La rédemption de l'âme est d'un prix très élevé.
Étymologie
Le terme redemptio dérive du verbe latin redimere (racheter, délivrer), composé du préfixe re- (de nouveau, en arrière) et emere (acheter). Cette construction étymologique exprime parfaitement l'idée de "racheter" ou "acheter de nouveau", évoquant la libération d'un esclave ou d'un captif moyennant rançon. Le mot latin s'est imposé dans la théologie chrétienne pour désigner l'œuvre salvifique du Christ qui rachète l'humanité du péché.
Contexte biblique et patristique
Dans l'Écriture Sainte
Le concept de rédemption traverse toute l'Écriture, depuis l'Ancien Testament où Dieu se révèle comme le Go'el d'Israël, le rédempteur qui libère son peuple de l'esclavage égyptien, jusqu'au Nouveau Testament où saint Paul affirme : "En lui nous avons la rédemption par son sang, la rémission des péchés" (Éphésiens 1, 7). La Vulgate latine emploie systématiquement redemptio pour traduire l'hébreu ge'ullah et le grec apolytrôsis.
Chez les Pères de l'Église
Les Pères latins ont développé une théologie approfondie de la rédemption. Saint Augustin enseigne que le Christ, étant sans péché, n'était pas soumis à la mort, et que sa mort volontaire constitue donc un prix surabondant payé pour notre libération. Saint Ambroise souligne la dimension commerciale du terme : l'humanité, vendue au péché, est rachetée par le sang du Christ.
Théologie de la rédemption
Enseignement de saint Thomas d'Aquin
Dans la Somme Théologique (III, q. 48-49), saint Thomas d'Aquin analyse la rédemption comme une œuvre de justice et de miséricorde. Le Christ, en tant qu'homme-Dieu, offre une satisfaction surabondante pour les péchés de l'humanité.
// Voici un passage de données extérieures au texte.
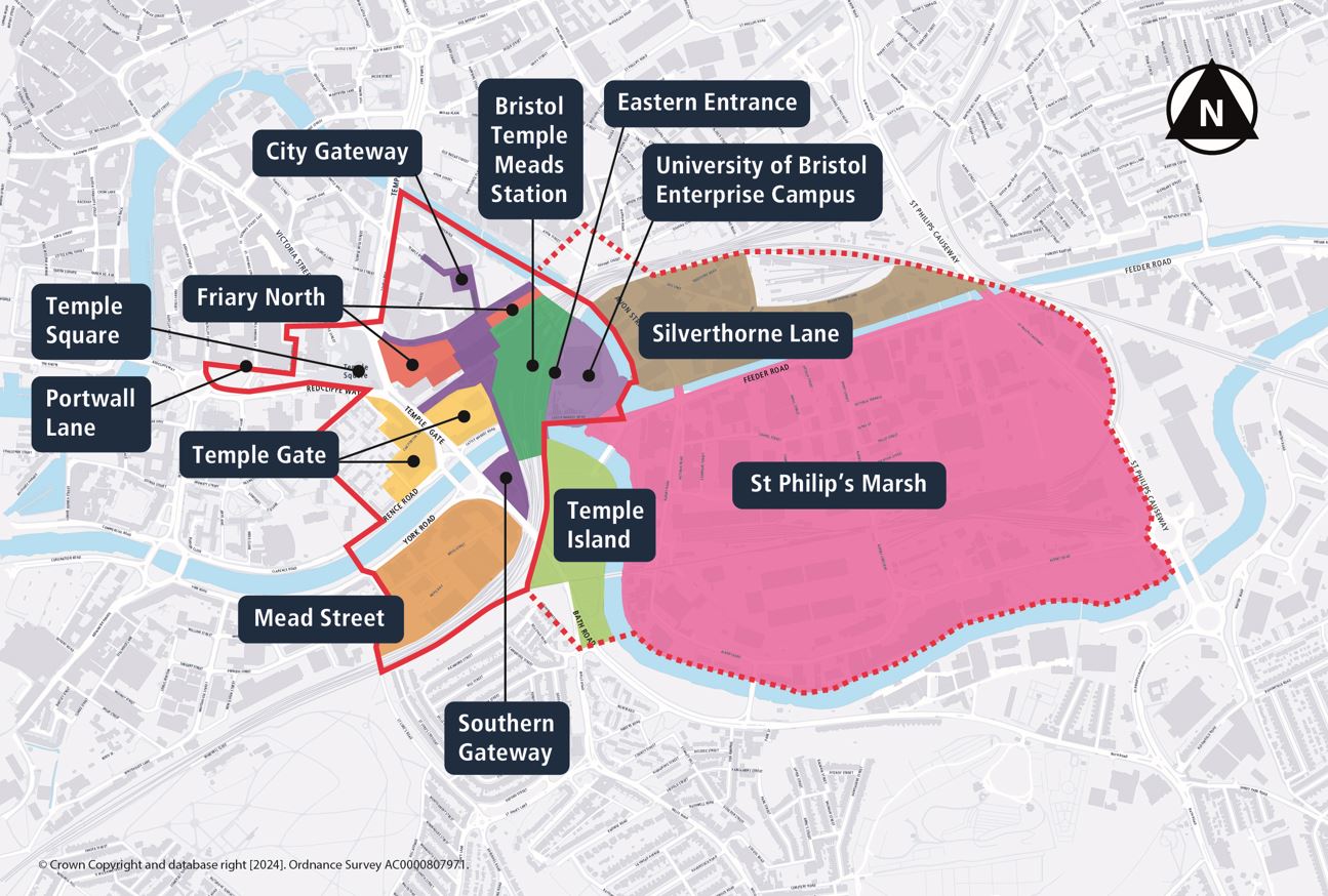 Temple Meads West covers a string of publicly owned sites immediately next to Bristol Temple Meads, including land at the Friary, the City Point building and multi-storey car park at Temple Gate, Lower Station Approach and the Portwall Lane car park.
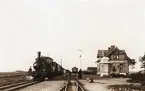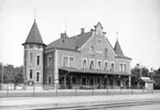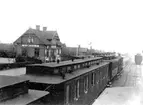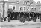 L.S.S.J. (Lidköping-Skara-Stenstorps Jernväg). Skara station år 1902. En del av personalen är kända: från höger Gustav Kjellberg, O. Ryberg, Oscar Sandh, okänd, Ludvig Dahlén, Frans Svensson, G. Stern, Gustaf Ahlberg och konduktören K. Karlsson. Övriga okända.
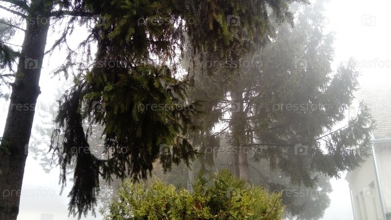 Ветви Туи, фоновое зеленое дерево. Красивые ветки ели в тумане

Sa Passion constitue à la fois un sacrifice propitiatoire, une rédemption au sens strict (libération moyennant rançon), et une réconciliation entre Dieu et l'homme.
Doctrine du Magistère
Le Catéchisme de l'Église catholique enseigne : "Jésus n'a pas connu la réprobation comme s'il avait lui-même péché. Mais dans l'amour rédempteur qui l'unissait toujours au Père, il nous a assumés dans l'égarement de notre péché par rapport à Dieu" (CEC 603). La rédemption n'est pas un simple pardon juridique, mais une recréation ontologique de l'humanité dans le Christ.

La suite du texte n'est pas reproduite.